### THE PROBLEM
Don't include any picture when you restate the data word for word.

### RECORDED DATA
◇ ◇ ◇ ◇

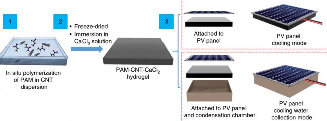 Новую технологию разработали исследователи из Политехнического университета Гонконга (PolyU). Для охлаждения солнечных панелей они решили использовать гель, который впитывает воду. Он представляет собой смесь углеродных нанотрубок с хлоридом кальция, солью, характеризующейся высокой гигроскопичностью и впитывает влагу из атмосферы по ночам, когда на улице прохладно, а выделяет ее обратно в дневное время.
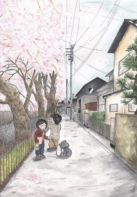 1 7 仙台市若林区 桜満開です #イラスト #アナログイラスト #コピック #水彩色鉛筆 #桜 23/04/05 21:24
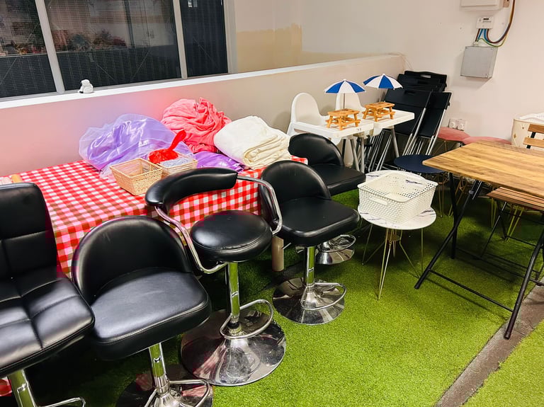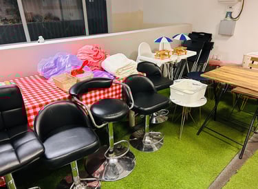 Modern upstairs party space with cosy lighting, sound system, and decoration ready — just bring your friends!
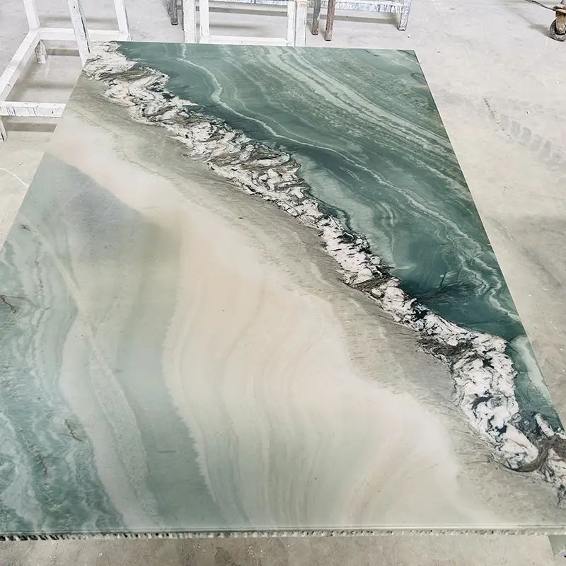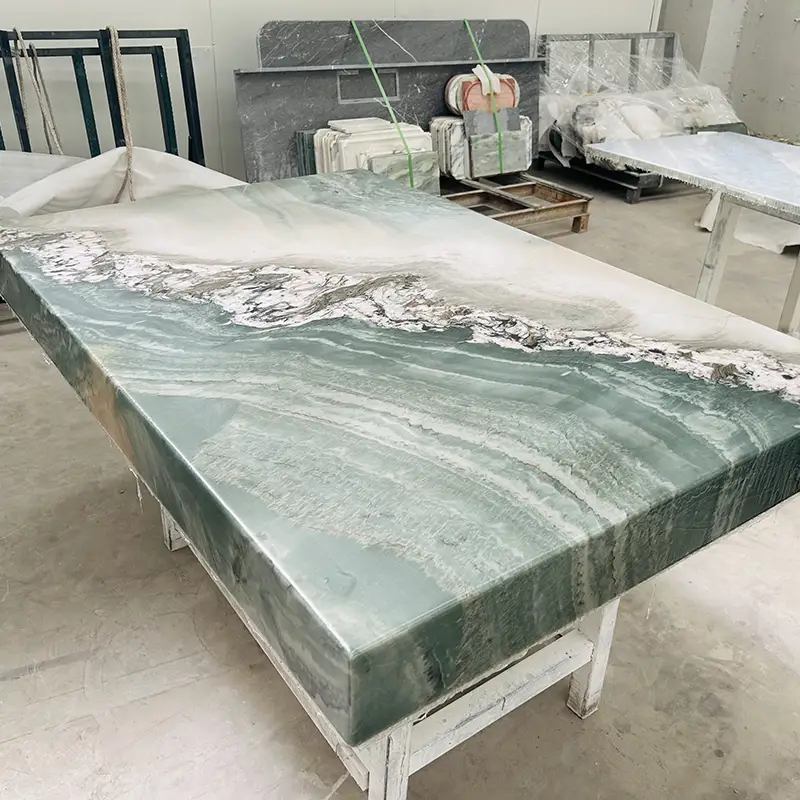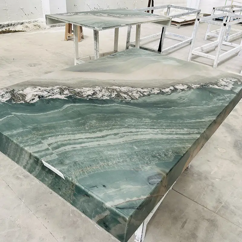 짙은 숲의 녹색으로 가벼운 현자, 석판은 종종 흰색, 갈색 및 금의 눈길을 끄는 정맥을 갖습니다. 각 녹색 쿼츠 라이트 슬래브는 각각이 다르고 맞춤형 외관을 제공하기 때문에 자연적인 예술 작품입니다.

◇ ◇ ◇ ◇

### RESPONSE AREA
 Новую технологию разработали исследователи из Политехнического университета Гонконга (PolyU). Для охлаждения солнечных панелей они решили использовать гель, который впитывает воду. Он представляет собой смесь углеродных нанотрубок с хлоридом кальция, солью, характеризующейся высокой гигроскопичностью и впитывает влагу из атмосферы по ночам, когда на улице прохладно, а выделяет ее обратно в дневное время.
 1 7 仙台市若林区 桜満開です #イラスト #アナログイラスト #コピック #水彩色鉛筆 #桜 23/04/05 21:24
 Modern upstairs party space with cosy lighting, sound system, and decoration ready — just bring your friends!
 짙은 숲의 녹색으로 가벼운 현자, 석판은 종종 흰색, 갈색 및 금의 눈길을 끄는 정맥을 갖습니다. 각 녹색 쿼츠 라이트 슬래브는 각각이 다르고 맞춤형 외관을 제공하기 때문에 자연적인 예술 작품입니다.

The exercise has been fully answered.